I'm working on building out an online food ordering system for a cafe—my first dip into Drupal Commerce. The concepts are starting to make sense, yet while i'm pretty proficient with Drupal, i've got a long way to go to feel in any way competent with Commerce.

This post is simply to ask for some direction. Here's some goals:

Define all the menu items (mostly sandwiches and salads) as a combination of specific ingredients (breads, proteins, cheeses, veggies, condiments, etc.) and display them in a kind of "menu view".
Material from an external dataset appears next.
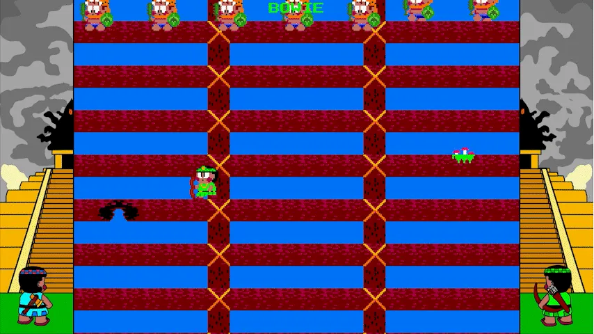 游戏包含六个独特世界,每个世界都有五个关卡,挑战多样——从垂直卷轴的平台关卡,到激烈的Boss战和射击类 (shoot 'em up) 关卡。每个世界都采用细致的像素风格绘制,配色灵感来自经典游戏 Rainbow Islands,呈现出浓郁的复古氛围。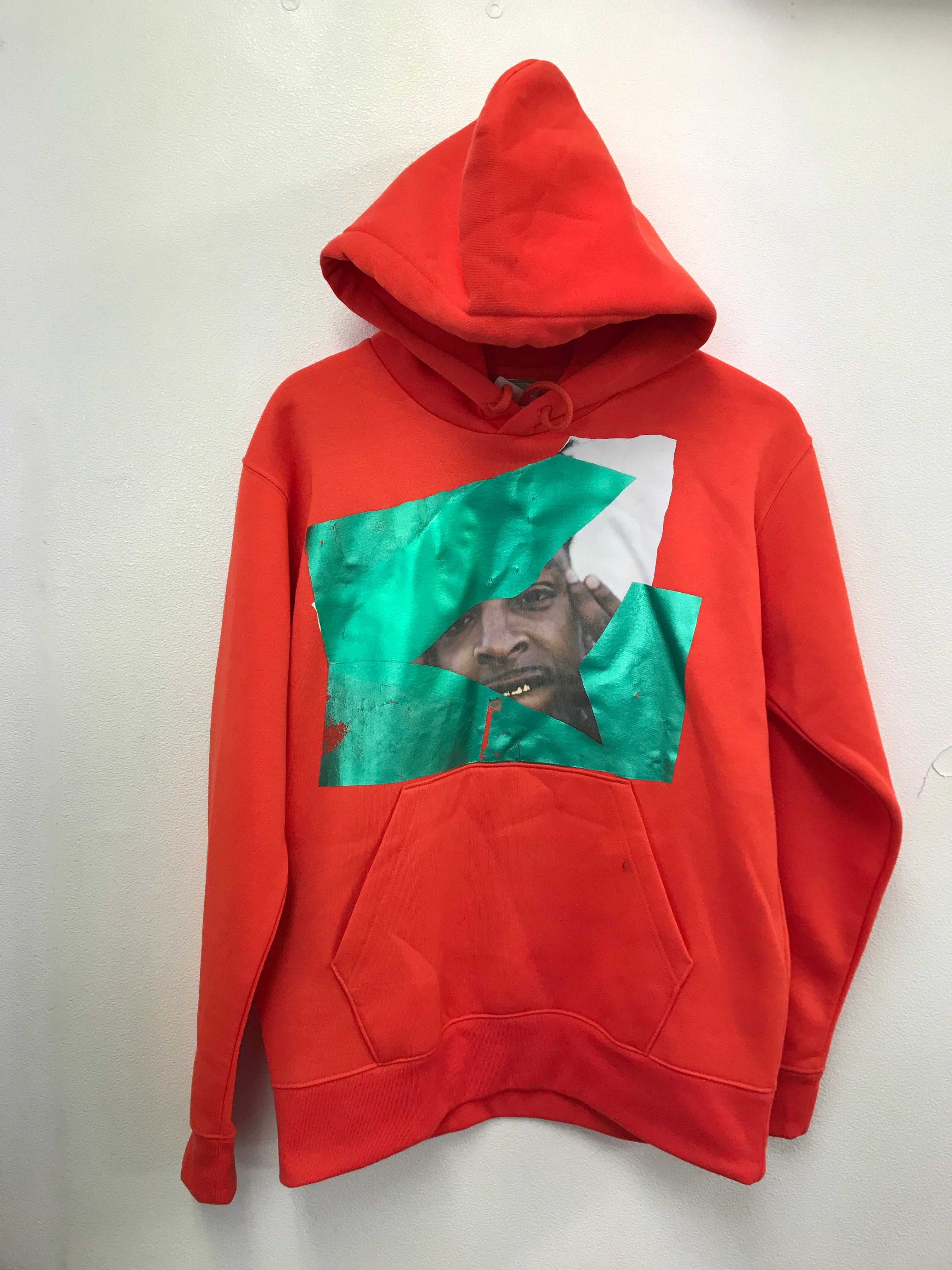 蛍光オレンジのボディに、グリーンのカッティングシートが印象的なパーカー。

I'd like user experience to work like this:

While on the "Menu" page, all item titles are click-able. When the user does so, s/he'll then be prompted with a set of options, allowing the user to

  • keep the included ingredients of the selected items the same (default behavior)
  • opt of of included ingredients
  • add additional ingredients which aren't part of this specific menu item (for a fee, depending on the ingredient)
  • choose bread type (if sandwich)
  • choose any other conditional options based on the selected item
  • add the item to the shopping cart when it's modified to the user's liking

Lastly, i'll need some kind of rule requiring the user to select a pick-up date/time when a new order is started.

Most of this idea comes from looking at the way Jimmy John's handles online ordering (via the orderTalk system). I'm certain most readers of this post aren't normally ordering Jimmy John's online, so here's a screenshot, simply to give you an idea of what i'm going for:

So yeah, i'm just looking for things like "You'll need these contrib modules..." (http://drupal.org/project/commerce_custom_product) maybe? Or "You'll need to define a product type for each menu category" or "You'll need to define a line item type for every single menu item..."

Any insight, small or big, is hugely appreciated.

Posted: Jan 25, 2012

Comments

MrPeanut on July 23, 2012

Hi Stephen,
I'm now looking to do the same thing. Did you have any luck working on this project?

FastEddy760 on July 24, 2013

Any luck, input, lessons learned, choose another option?
Its awesome?
Would never try that again?

joshmiller Josh Miller on July 24, 2013

Basically, the restaurant or food ordering concept requires "building" your product and each change to the default product could affect the final price. I illustrate a kind of simple, one-dimensional look at crafting this using the module you mentioned:

To take this one step further, you could attach a secondary term field to your product and use that as your "template." This sandwich has mayor, lettuce, ham, and tomatoes. (four terms) And the customer wants to change the template by removing mayo (which normally costs $0.30) so the pricing rule would have to know mayo is not on the sandwich but is a part of the "template" and should be noted as a decrease in final price (award the customer $0.30 for not using your mayo). That would either take some custom conditions or a lot of Rules components to step through.